Somewhere there is a real man who married three designers and had three kids, with his second wife, enjoying being a sober dad. Me We was successful as an arts administrator which most friends and enemies (if begrudgingly) agreed was my strength. When my body began to fall apart, my third marriage did too. Credulity is often the toughest test for a disabled person. The idea me we would fake disability seems patently ridiculous because it’s costs, usually loaded with pain and inability are overwhelming. I tell the story in more detail elsewhere in the Look Show but neither my parents or my GP believed my hip could possibility hurt so much I really couldn’t walk, sometimes falling to my knees and crawling in tears. (Sounds like a purple pose, not?)  This, apparently, to my parents and jovial GP, was just an attention getting act, a pose, because I was having “adjustment problems,” adapting to my new school and our move to the city. The bitterness of not being believed by those close to me has been a wound that is easily re-opened in similar situations. I was in hospital for two weeks, as they straightened my leg with 10 lbs of traction and then three four-inch screws to keep my hip joints heal in proper places.

 

IN 2018 Me we couldn’t fake my amputation.  I earned the “advantages” of being visibly disabled, though waited too long to apply and earn a disability pension. Being sober seems no longer a pose After my third divorce I was driving to see my brother in the International Peace Gardens when my van broke down.

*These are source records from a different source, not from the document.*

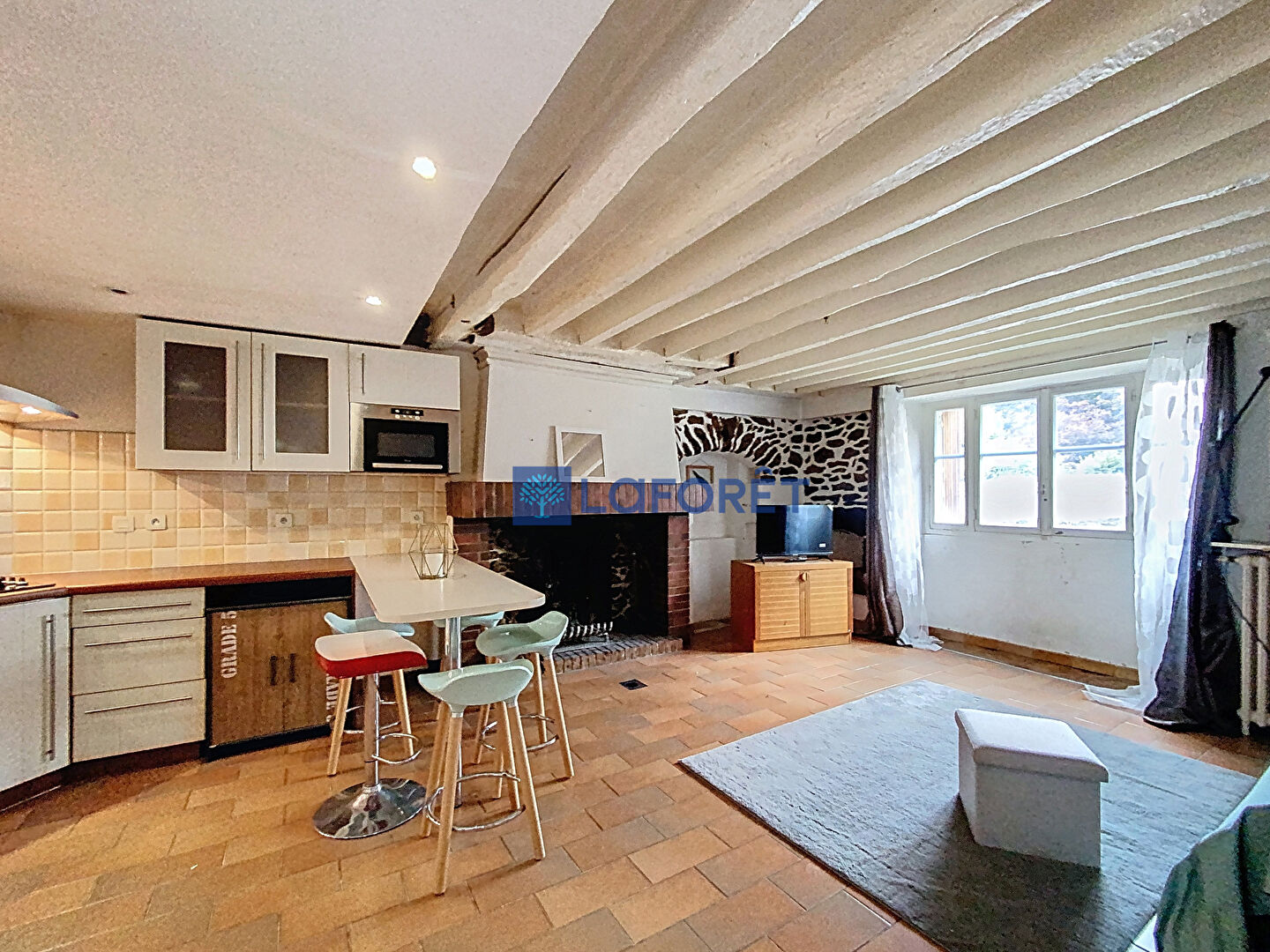 Elle se compose d'un séjour chaleureux avec cheminée et d'une cuisine ouverte équipée, au 1er étage une grande chambre, une salle d'eau et WC indépendant , ainsi qu'un bureau sur palier.
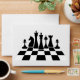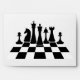 Black chess pieces on a chessboard envelope
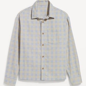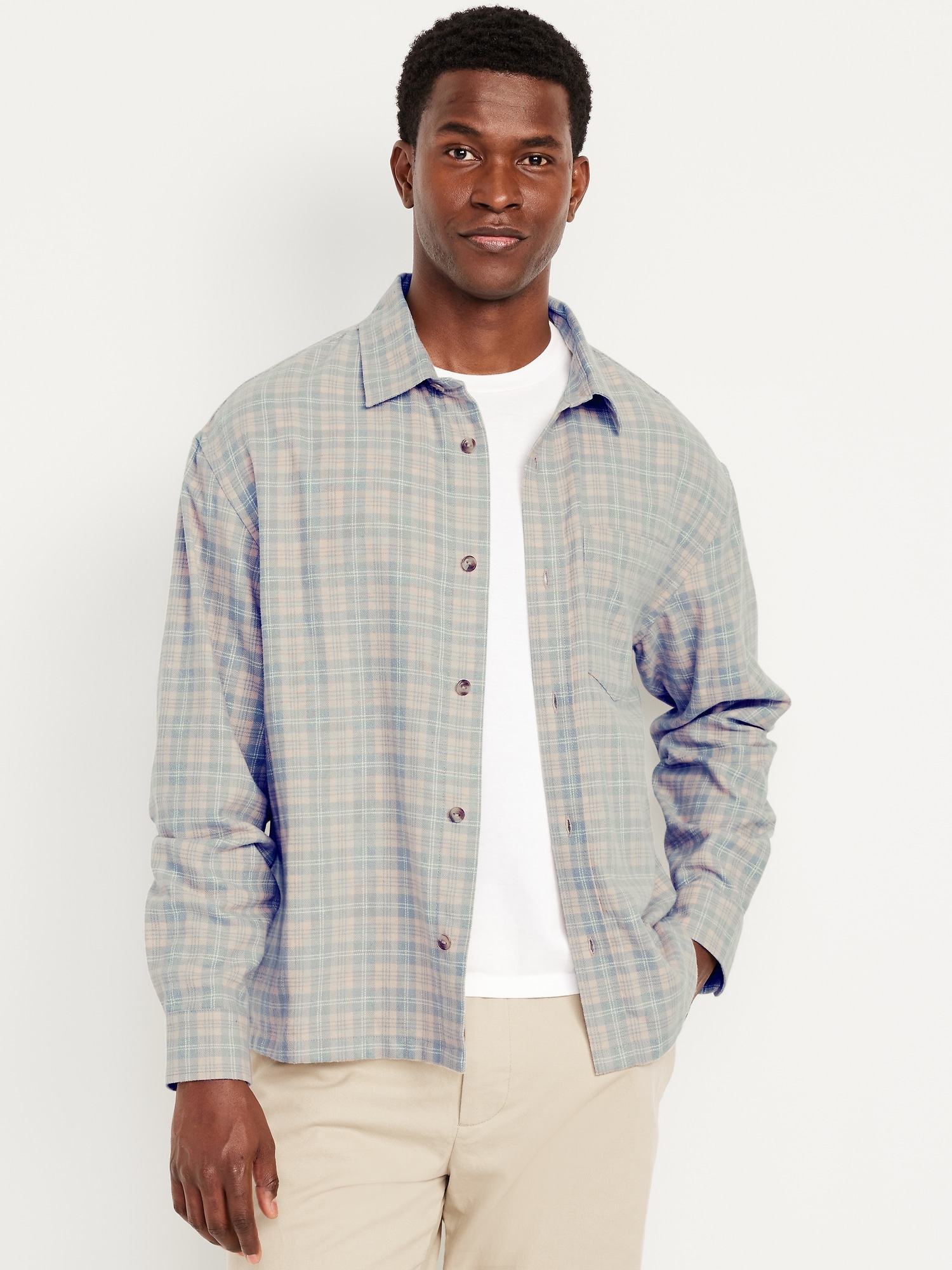 Loose Fit Cropped Plaid Flannel Shirt: spread collar, long sleeves with buttoned cuffs, full-button front, patch chest pocket, plaid print, #805557
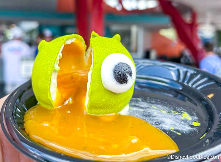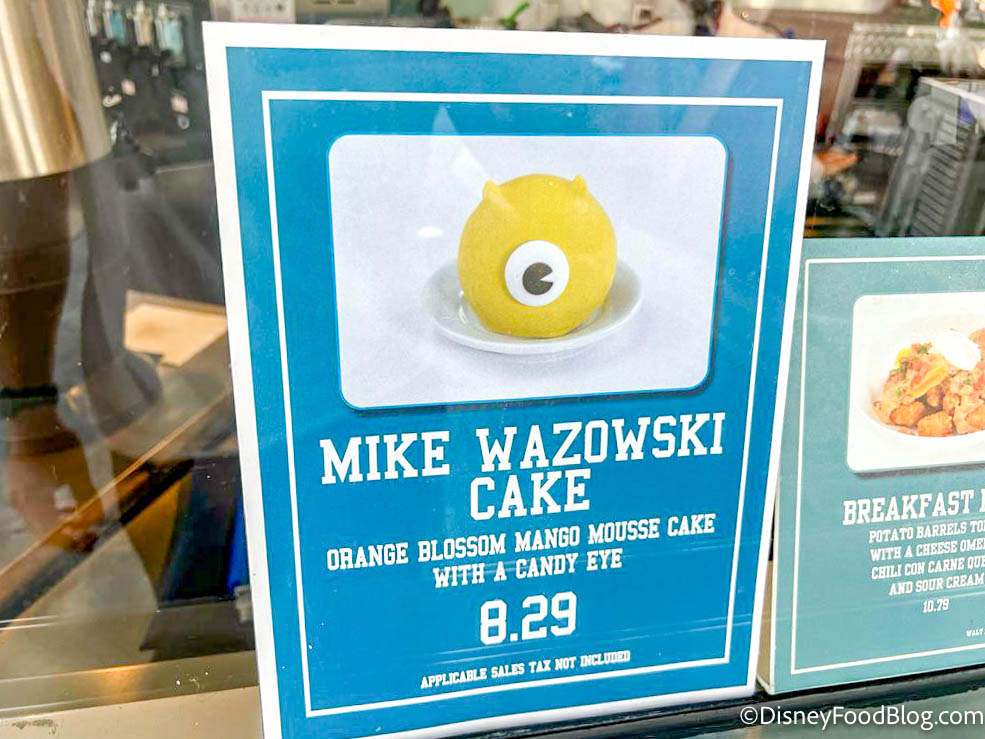 Introducing the NEW Mike Wazowski CAKE! We first shared the news about this little creature a few days ago, but now he is HERE. The treat itself is an Orange Blossom Mango Mousse Cake with a Candy Eye, priced at $8.29. And while the image of this snack had us VERY excited, our snack experience was…interesting, to say the least.

In the tow truck drive on the way to Brandon the driver looked at me after a bit of talk and said, “you look as if you feel really beat down.” I was checking singles dating sites but had little luck, because as one woman responded, “you are so broke and broken, Victor!”

 

I switched to the Disability Dating sites with more luck, chatting with people who were more like me. Michelle Hewitt took a chance on me. She has Multiple Sclerosis we joke when she has pain well at least “it’s just MS.” My heavyweight arthritis gives me more pain than most people can or at least want to imagine. Well at least it’s just arthritis, and osteo-arthritis not even rheumatoid. Grading pain. It’s garbage man, really. The problem persists, that is how much does it hurt….”8 out of 10” oh c’mon how can it?, it’s just degenerative disc disease. Have you tried cortisone shots. I carry my diagnoses and x-ray results in my backpack to prove it. I’m not a self-i-d-r. But why do I need to prove how much it hurts. Thanks to Canada Council; for the opportunity to show you in LOOK at my story, mostly a story of my pain, interpreted by a dozen great Winnipeg artists, Misguided Angel is stuck trying to escape the pain in this room. Jimmy Bang gets another send off, in the incredible triptych The Ascension of Jimmy Bang by my collaborator Murray Toews.

Art captures poses. Making art allows me to create something that did not exist before I thought of it. I need to create to stay alive.